Расшифровала и подготовила Богумила Пшондка.

 

Из детства остается очень многое. Все остается: вкусовые ощущения, привычки, образы, дождь, звон церковных колоколов. Утренний мамин голос: «Стасюк, что тебе сегодня приготовить?» Мы все жили в одной комнате, впятером: я, две мои сестры, отец и мама. Я был маминым любимцем — возможно, потому, что старался быть хорошим. Никогда не мог ответить ей «нет». Не помню случая, чтобы ответил «нет», ни разу такого не было. Не представляю, как можно сказать матери, что я чего-то не сделаю. Наоборот. А отец говорил так: «Стасис, едем в лес за деревом». Работа-то нелегкая. Надо спилить березу; пилим вдвоем, береза должна упасть так, чтобы ни на него, ни на меня… Отец потихоньку возил эти бревна и делал пристройки к дому, смешные такие, а еще пристроил комнату-не комнату, то ли для дров, то ли для чего-то еще. Я думал, это будет моя комната, но нет, не для меня она была, а для мешков или каких-то других вещей; у отца, в отличие от соседей, везде был беспорядок. Если у соседей во дворах всегда прибрано, все на своих местах, то у отца тут колесо лежит, там еще что-нибудь. Ему было безразлично. Он был немножко фантазер, а может, от природы немножко художник — вечно что-то выдумывал, всегда всё ему было не так, всё традиционное не нравилось. Вот, например, построил он домик — сауной называется, — так вот, построил он эту сауну очень низкой, на свой рост... мне, правда, до какого-то возраста годилась, но позже, когда он придумывал всякие такие штуки, я протестовал.

На чердаке обычно что вешали? Мясо копченое, колбасы, потому что под крышей было прохладно, продувало. Мама ходила на этот чердак, иногда меня посылала — отец любил, чтобы в борще, который мама ему варила, обязательно был кусок мяса. А если борща не было, злился, и начинался большой скандал, польско-литовская схватка — у отца были польские корни, и некоторые вещи он называл по-польски, я даже не мог понять, что это значит.

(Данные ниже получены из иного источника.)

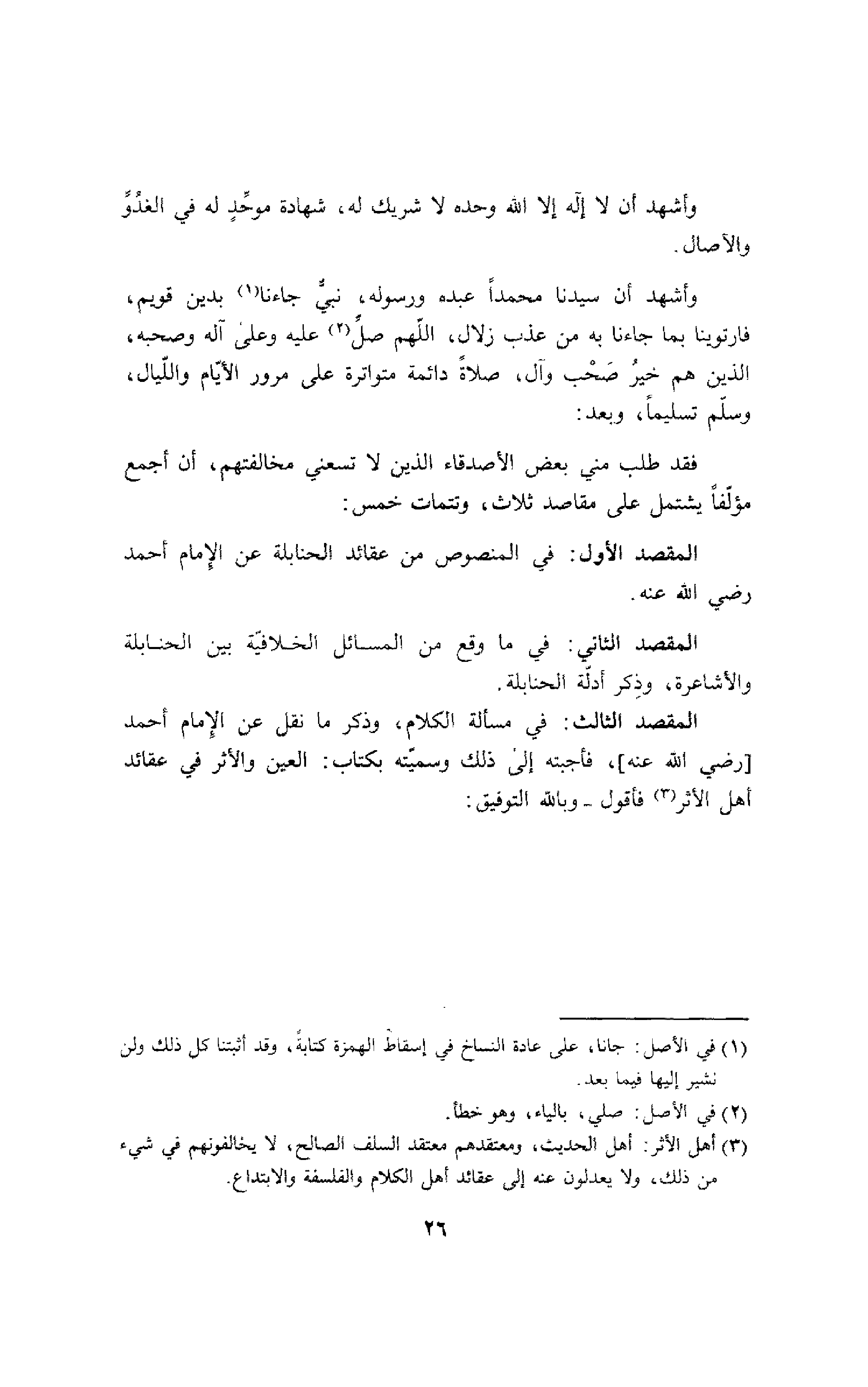 المقصد الثالث: في مسالة الكلام، وذكر ما نقل عن الإمام أحمد "رضي الله عنه"، فاجبته إلى ذلك, وسميته بكتاب: العين والأثر في عقائد أهل الأثر2, فأقول, وبالله التوفيق:

Вдобавок он был глуховат, в детстве переболел какой-то болезнью, которая дала осложнение на уши и отняла у него сколько-то процентов слуха. Потом он купил себе слуховой аппарат и был счастлив, что мне больше не надо сильно кричать; раньше, чтобы он слышал, приходилось говорить очень медленно, разделяя слова, и очень отчетливо. Сестрами моими отец всегда был недоволен: мол, дочки или совсем ничего не говорят, или говорят тихо, и вообще нет у него с ними никакого контакта, — а я всегда чувствовал, как найти к нему подход. Зато меня ужасно раздражало, когда рано утром я еще сплю, а он включает по радио польскую первую программу; я ничего не понимал, ни слова, а он, естественно, всё. Ну, может, не всё, знал-то он старый польский язык.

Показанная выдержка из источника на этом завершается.